<<<<
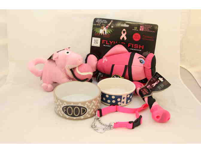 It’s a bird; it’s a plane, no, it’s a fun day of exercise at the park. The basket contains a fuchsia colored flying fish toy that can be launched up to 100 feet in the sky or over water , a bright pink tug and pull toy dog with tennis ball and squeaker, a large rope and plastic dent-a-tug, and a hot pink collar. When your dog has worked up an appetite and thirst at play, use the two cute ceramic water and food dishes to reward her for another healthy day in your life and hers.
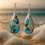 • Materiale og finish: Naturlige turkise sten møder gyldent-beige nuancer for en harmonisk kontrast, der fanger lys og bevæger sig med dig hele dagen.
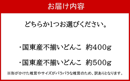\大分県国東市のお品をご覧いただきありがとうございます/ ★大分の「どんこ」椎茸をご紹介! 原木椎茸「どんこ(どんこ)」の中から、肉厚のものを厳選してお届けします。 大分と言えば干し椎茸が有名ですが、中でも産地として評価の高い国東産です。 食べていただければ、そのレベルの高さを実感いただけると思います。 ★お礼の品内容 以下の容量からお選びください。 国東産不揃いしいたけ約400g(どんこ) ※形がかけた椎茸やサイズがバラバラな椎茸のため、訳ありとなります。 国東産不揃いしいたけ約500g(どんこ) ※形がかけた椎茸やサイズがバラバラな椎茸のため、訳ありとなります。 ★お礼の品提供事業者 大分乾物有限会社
>>>>
<<<<
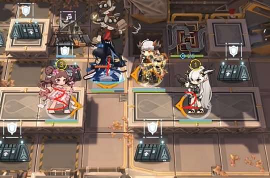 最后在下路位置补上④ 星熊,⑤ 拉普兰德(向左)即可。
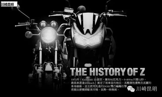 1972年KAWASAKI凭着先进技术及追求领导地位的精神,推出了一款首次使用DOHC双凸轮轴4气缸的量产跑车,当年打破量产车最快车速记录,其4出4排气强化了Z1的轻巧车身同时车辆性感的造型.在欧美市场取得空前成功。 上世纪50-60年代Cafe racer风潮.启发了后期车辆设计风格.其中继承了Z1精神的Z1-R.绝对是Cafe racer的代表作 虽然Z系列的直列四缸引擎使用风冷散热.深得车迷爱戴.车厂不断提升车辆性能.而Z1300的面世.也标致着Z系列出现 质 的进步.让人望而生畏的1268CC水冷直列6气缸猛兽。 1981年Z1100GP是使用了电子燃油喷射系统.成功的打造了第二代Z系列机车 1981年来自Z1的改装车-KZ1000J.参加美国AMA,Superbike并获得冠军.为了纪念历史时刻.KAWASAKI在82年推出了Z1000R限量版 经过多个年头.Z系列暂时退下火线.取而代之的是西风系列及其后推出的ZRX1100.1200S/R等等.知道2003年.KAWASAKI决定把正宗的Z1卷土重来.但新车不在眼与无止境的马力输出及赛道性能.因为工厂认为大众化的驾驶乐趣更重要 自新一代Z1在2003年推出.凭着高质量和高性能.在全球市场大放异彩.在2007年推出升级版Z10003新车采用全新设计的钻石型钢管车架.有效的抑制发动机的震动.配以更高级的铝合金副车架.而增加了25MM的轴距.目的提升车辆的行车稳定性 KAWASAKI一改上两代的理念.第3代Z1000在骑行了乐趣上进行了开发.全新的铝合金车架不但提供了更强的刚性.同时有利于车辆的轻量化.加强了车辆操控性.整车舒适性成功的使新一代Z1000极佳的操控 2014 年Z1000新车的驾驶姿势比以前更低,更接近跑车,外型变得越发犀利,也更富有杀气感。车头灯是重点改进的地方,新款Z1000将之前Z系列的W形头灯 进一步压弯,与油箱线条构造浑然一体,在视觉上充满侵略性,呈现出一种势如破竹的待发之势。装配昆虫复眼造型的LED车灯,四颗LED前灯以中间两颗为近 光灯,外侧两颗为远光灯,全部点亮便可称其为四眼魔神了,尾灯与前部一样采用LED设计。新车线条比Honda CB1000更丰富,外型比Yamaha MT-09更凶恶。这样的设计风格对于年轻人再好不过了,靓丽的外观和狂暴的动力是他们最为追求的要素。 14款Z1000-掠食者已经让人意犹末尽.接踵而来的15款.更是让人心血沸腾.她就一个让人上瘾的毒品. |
>>>>
Task to complete: Look back at the data above, then output exactly the lines from the line holding "dig hele dagen." up to and including the line holding "食べていただければ、そのレベルの高さを実感いただけると思います。 ★お礼の品内容 以下の容量からお選びください。". Leave out the pictures.

Written solution:
 • Materiale og finish: Naturlige turkise sten møder gyldent-beige nuancer for en harmonisk kontrast, der fanger lys og bevæger sig med dig hele dagen.
\大分県国東市のお品をご覧いただきありがとうございます/ ★大分の「どんこ」椎茸をご紹介! 原木椎茸「どんこ(どんこ)」の中から、肉厚のものを厳選してお届けします。 大分と言えば干し椎茸が有名ですが、中でも産地として評価の高い国東産です。 食べていただければ、そのレベルの高さを実感いただけると思います。 ★お礼の品内容 以下の容量からお選びください。 国東産不揃いしいたけ約400g(どんこ) ※形がかけた椎茸やサイズがバラバラな椎茸のため、訳ありとなります。 国東産不揃いしいたけ約500g(どんこ) ※形がかけた椎茸やサイズがバラバラな椎茸のため、訳ありとなります。 ★お礼の品提供事業者 大分乾物有限会社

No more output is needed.